The foundation for "Young Folks" came from a piano melody Yttling initially imagined as a jazz piece: "I had the idea for the tune on the piano and at first thought it was going to be a jazz song, because it sounded like a Duke Ellington track. Then I played it on a guitar and it sounded more like a pop song. I whistled a placeholder for the melody just so we could remember it, intending to replace it with an instrument later, maybe an organ or something.
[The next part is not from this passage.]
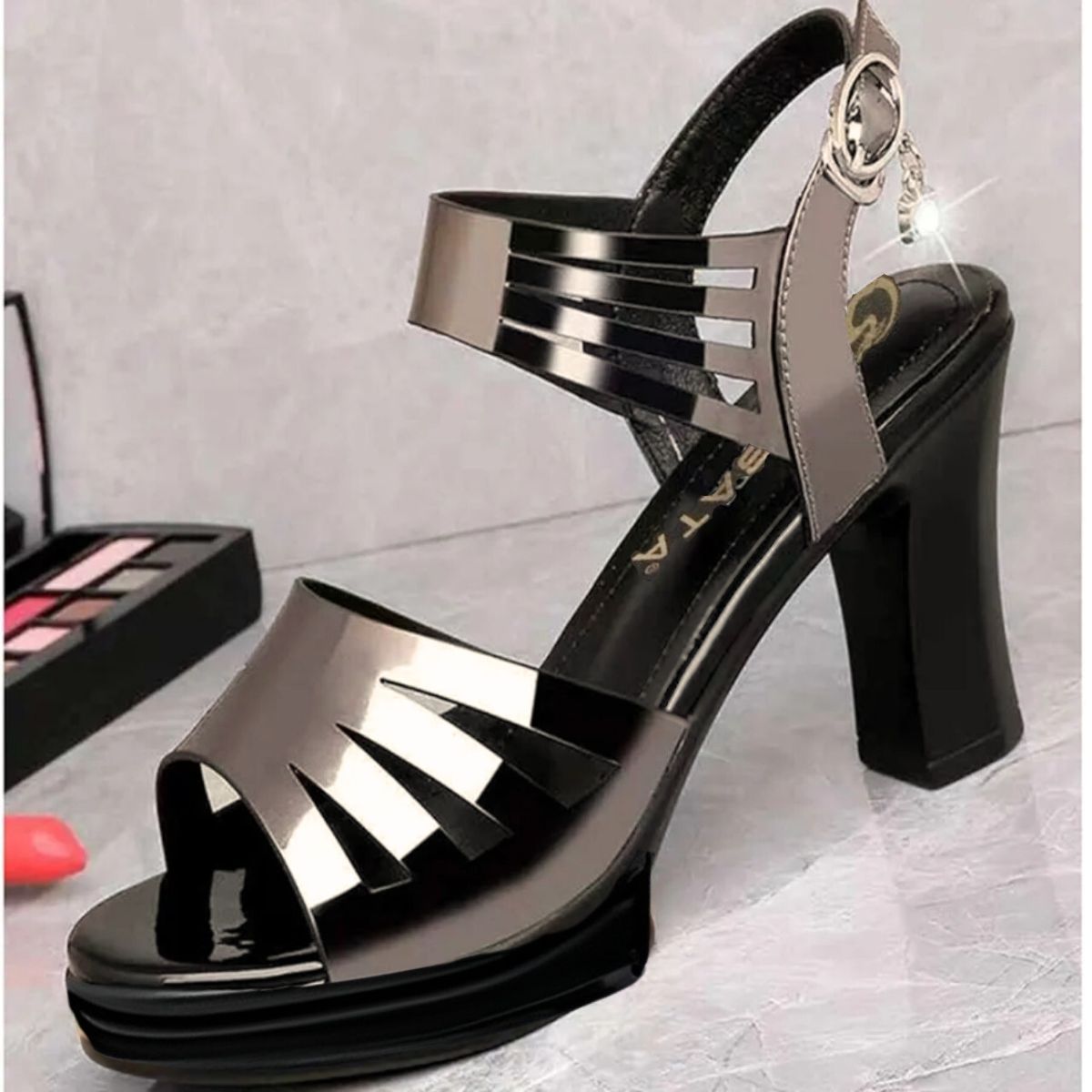 ✨Giày cao gót nữ 8p RO571 ROSATA tại BCASHOP kiểu dáng xăng đan quai hậu, bề mặt bóng bẩy trẻ trung và năng động

Then we put the whistle through a tape delay machine… Then it was like: 'Oh, it sounds good, let's keep it.'".

The now-iconic whistling was performed by Yttling on the recording, though it would later be taken over live by frontman Peter Morén, who admitted, "After touring I got to be really good at whistling, but at the beginning I was terrible. Especially if I had a slight cold or a hangover... People were like, 'This band sucks – they can't whistle.'"

Sonically, the band embraced a stripped-back, almost DIY approach. They avoided using cymbals due to the acoustics of the small room, with Eriksson instead playing a minimalist beat inspired by Daft Punk's "Robot Rock". They layered in unconventional percussion — including borrowed bongos, the sound of boots on a laminated floor run through spring reverb, and glissandos on tubular bells — to compensate for the lack of cymbals.

Vocally, the band envisioned "Young Folks" as a duet. After initially considering several singers, they asked Victoria Bergsman of The Concretes to join. The first attempt failed because the key was too low for her voice, forcing the band to pitch the entire track up — inadvertently making the whistling higher and more difficult to perform live. Lyrically, Morén described the song as depicting two jaded people meeting in a bar and cautiously exploring the possibility of connection. Despite its title and playful tone, he clarified: "It's not about young people... It's called "Young Folks" and has a sort of childish stance with the whistling and everything, but the song is about people who are kind of burnt out from relationships.".

Lyrically, the song explores the feeling of new love and connection without overcomplicating it. Morén has described the lyrics as intentionally minimal and direct, aiming to capture "the moment when two people first meet and nothing else matters." The recurring refrain — "We don't care about the young folks / talking about the young folks" — reflects a desire to ignore outside judgment and focus on an intimate, present experience.

==Reception==
The song first attracted notice on websites such as Myspace and YouTube, and was used in a number of European commercials and television shows. Since mid-2007, the song has earned extensive airplay on American radio, most notably on dance radio outlets like KNHC/Seattle, KNGY/San Francisco and Sirius Satellite's The Beat. It is notable for being a popular song with whistling (the whistling was originally added in as a placeholder for another instrument).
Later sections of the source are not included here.